Dataset entries:

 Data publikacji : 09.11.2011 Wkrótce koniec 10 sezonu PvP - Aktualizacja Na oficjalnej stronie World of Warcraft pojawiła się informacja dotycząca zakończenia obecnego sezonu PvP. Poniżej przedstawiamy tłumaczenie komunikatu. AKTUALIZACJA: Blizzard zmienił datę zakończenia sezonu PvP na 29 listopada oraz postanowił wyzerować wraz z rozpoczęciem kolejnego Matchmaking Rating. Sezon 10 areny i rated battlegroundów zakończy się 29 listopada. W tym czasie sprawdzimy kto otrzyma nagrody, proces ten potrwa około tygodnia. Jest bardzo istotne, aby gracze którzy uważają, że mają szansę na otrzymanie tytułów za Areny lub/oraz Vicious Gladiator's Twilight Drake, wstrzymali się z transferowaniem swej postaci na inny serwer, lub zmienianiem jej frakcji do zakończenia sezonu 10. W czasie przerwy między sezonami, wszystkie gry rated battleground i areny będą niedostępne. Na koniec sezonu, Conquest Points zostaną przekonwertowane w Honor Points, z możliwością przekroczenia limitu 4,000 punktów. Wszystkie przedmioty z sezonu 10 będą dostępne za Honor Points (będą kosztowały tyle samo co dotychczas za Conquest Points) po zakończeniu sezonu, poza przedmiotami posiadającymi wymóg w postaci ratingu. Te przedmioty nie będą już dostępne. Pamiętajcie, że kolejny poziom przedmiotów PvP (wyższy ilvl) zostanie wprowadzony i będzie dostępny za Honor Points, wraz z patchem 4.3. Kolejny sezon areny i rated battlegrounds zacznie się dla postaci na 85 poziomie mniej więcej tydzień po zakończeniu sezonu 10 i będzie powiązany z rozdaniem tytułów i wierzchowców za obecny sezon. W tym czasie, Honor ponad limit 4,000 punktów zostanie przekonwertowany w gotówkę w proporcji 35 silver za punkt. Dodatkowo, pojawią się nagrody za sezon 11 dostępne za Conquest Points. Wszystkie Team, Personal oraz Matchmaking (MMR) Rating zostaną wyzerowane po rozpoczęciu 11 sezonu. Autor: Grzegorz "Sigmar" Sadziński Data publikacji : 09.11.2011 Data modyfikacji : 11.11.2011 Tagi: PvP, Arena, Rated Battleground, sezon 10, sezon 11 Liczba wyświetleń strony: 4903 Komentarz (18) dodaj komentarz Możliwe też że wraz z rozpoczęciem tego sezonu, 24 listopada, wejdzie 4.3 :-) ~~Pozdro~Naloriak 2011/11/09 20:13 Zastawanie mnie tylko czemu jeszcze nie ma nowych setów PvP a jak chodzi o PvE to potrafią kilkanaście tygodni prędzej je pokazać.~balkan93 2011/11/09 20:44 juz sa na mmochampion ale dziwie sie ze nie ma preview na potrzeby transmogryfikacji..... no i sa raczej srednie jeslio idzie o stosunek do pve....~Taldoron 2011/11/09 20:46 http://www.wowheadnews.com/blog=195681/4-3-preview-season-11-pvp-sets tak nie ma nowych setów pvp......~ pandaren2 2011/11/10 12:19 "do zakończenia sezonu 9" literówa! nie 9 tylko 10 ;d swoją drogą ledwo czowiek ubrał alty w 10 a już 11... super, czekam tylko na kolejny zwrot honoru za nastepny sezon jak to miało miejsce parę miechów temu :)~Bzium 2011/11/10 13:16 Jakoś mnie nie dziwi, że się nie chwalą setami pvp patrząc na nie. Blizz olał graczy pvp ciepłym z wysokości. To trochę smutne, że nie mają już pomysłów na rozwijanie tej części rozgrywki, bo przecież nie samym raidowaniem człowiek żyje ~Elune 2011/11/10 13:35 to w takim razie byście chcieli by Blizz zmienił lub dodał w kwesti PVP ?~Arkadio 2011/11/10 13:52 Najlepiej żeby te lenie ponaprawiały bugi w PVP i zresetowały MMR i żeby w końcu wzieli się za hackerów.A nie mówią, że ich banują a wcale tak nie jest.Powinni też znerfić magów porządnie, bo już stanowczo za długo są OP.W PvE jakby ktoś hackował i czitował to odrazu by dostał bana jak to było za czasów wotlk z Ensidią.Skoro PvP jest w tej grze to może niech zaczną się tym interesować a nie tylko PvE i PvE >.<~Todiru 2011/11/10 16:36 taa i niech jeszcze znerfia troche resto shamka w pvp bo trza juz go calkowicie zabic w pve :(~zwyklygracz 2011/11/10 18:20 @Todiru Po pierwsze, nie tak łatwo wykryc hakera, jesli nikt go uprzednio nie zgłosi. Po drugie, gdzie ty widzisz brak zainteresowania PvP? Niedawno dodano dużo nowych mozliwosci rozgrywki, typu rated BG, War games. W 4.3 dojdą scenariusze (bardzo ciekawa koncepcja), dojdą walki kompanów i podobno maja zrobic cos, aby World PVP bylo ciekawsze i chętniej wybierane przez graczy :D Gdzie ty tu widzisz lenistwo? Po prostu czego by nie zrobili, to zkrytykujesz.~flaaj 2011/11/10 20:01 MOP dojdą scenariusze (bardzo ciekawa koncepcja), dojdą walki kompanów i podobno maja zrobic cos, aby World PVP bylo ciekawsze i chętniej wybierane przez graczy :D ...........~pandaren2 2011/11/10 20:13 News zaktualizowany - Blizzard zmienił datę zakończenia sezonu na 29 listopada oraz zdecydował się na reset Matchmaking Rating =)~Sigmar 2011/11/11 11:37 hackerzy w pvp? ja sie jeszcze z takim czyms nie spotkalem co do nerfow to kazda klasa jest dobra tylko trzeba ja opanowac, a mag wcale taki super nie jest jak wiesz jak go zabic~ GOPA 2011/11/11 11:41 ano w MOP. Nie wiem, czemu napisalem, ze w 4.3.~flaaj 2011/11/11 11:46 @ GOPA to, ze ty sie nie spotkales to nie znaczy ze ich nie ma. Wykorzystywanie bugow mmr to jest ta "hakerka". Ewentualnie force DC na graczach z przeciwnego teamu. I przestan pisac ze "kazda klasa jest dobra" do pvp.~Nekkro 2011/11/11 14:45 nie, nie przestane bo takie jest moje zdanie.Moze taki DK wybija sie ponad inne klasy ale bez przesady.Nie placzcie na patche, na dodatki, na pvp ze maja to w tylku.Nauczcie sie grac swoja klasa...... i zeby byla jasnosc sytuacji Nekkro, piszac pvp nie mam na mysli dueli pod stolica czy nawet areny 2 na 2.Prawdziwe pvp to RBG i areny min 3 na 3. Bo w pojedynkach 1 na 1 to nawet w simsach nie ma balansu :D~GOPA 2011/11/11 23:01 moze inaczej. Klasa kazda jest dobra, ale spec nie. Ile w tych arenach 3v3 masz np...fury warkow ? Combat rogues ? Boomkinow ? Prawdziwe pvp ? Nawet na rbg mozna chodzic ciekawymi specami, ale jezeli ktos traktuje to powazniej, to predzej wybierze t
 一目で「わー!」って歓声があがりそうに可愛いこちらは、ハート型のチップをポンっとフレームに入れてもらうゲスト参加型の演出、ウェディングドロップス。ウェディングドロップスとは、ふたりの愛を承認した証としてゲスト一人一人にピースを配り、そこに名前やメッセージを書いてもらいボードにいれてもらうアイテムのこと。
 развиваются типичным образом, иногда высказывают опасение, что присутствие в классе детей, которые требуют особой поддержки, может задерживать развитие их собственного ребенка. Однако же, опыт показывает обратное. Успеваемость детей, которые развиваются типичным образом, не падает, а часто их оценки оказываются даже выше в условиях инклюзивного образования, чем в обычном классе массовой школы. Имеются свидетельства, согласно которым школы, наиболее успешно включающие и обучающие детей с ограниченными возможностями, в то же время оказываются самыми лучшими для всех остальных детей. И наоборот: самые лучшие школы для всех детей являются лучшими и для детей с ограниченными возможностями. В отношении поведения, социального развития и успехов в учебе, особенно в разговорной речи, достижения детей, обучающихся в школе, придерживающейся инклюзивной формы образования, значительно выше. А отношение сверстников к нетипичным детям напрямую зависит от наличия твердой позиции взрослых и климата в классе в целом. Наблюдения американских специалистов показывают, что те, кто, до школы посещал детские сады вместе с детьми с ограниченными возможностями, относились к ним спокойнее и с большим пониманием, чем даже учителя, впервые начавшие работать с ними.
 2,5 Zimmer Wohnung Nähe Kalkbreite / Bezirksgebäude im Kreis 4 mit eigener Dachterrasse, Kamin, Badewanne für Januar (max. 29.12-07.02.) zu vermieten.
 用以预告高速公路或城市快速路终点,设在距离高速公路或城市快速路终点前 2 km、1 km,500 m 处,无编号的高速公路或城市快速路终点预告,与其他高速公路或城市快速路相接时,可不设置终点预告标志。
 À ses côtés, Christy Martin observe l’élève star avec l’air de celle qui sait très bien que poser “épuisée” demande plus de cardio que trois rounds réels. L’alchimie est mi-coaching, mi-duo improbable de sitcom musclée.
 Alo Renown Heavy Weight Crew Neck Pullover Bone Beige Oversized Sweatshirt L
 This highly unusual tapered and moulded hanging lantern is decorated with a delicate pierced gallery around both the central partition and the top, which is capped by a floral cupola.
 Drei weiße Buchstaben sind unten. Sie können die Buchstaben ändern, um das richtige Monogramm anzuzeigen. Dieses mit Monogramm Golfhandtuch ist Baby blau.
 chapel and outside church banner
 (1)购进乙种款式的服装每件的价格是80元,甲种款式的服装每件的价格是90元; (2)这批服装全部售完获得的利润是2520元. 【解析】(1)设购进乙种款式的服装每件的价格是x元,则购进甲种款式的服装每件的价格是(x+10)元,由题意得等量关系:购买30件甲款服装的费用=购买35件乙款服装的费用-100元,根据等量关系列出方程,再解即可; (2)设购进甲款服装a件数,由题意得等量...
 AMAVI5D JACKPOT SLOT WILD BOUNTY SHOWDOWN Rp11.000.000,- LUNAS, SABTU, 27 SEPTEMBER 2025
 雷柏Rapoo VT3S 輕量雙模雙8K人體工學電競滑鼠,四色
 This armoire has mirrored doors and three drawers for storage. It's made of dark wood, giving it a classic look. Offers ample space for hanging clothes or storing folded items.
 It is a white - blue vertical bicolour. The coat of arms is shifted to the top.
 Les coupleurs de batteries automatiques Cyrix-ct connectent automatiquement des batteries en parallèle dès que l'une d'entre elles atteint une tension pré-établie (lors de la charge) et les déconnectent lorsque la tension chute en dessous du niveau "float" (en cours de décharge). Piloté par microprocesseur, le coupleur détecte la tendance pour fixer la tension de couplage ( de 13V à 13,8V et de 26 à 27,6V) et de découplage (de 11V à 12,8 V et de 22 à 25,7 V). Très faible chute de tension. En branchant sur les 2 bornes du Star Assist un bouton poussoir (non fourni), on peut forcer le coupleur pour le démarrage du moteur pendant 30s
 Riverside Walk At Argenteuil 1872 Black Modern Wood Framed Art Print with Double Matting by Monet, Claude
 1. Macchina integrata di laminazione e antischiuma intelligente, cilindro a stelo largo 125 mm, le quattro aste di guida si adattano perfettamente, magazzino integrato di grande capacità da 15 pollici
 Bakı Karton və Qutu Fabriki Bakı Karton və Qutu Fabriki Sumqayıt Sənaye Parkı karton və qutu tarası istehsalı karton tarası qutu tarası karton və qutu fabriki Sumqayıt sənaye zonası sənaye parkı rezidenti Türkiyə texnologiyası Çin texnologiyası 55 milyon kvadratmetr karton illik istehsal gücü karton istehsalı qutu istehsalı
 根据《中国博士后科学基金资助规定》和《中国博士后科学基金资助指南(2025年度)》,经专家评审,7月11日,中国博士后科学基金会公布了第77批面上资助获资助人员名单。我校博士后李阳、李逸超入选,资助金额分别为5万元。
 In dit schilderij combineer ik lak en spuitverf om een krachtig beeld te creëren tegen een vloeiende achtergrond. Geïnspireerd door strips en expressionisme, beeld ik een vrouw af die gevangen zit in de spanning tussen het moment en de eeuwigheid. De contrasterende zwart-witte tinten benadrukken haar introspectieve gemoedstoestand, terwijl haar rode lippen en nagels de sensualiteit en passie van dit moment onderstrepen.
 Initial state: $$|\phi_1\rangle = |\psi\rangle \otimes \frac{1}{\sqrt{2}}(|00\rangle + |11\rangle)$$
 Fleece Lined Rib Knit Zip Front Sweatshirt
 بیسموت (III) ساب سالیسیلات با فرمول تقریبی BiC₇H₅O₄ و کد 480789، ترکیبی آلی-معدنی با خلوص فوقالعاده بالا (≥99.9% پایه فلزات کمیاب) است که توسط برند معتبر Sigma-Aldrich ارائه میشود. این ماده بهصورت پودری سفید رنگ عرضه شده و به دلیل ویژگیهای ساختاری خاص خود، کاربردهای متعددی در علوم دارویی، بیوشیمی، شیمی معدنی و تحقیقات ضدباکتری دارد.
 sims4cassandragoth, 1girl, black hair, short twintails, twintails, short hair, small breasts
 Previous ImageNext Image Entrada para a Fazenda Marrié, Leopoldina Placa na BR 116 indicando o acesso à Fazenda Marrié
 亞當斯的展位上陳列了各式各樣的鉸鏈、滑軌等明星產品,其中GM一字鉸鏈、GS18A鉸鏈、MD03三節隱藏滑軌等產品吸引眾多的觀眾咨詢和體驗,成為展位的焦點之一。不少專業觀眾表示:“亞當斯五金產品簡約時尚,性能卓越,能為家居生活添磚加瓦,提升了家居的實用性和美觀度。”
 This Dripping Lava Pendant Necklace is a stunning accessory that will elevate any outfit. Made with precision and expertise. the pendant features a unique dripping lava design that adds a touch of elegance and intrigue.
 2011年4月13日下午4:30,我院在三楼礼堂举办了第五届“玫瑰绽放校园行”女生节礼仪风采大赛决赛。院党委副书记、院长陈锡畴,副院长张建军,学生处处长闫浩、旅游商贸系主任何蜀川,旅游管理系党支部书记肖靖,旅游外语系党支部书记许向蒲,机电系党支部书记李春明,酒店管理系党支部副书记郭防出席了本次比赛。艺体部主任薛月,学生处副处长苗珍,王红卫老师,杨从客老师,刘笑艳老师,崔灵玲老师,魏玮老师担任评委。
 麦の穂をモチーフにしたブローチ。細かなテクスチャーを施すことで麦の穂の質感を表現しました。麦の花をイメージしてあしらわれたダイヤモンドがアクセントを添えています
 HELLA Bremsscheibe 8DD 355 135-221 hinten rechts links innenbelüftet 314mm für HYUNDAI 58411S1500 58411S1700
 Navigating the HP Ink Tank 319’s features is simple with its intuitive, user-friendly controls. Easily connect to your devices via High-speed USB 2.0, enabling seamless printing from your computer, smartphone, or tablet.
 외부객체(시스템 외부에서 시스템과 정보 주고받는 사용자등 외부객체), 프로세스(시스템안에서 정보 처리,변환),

Goal of the exercise:
Using the data above, show each line where "pendant" occurs.

Result of the exercise:
 Les coupleurs de batteries automatiques Cyrix-ct connectent automatiquement des batteries en parallèle dès que l'une d'entre elles atteint une tension pré-établie (lors de la charge) et les déconnectent lorsque la tension chute en dessous du niveau "float" (en cours de décharge). Piloté par microprocesseur, le coupleur détecte la tendance pour fixer la tension de couplage ( de 13V à 13,8V et de 26 à 27,6V) et de découplage (de 11V à 12,8 V et de 22 à 25,7 V). Très faible chute de tension. En branchant sur les 2 bornes du Star Assist un bouton poussoir (non fourni), on peut forcer le coupleur pour le démarrage du moteur pendant 30s
 This Dripping Lava Pendant Necklace is a stunning accessory that will elevate any outfit. Made with precision and expertise. the pendant features a unique dripping lava design that adds a touch of elegance and intrigue.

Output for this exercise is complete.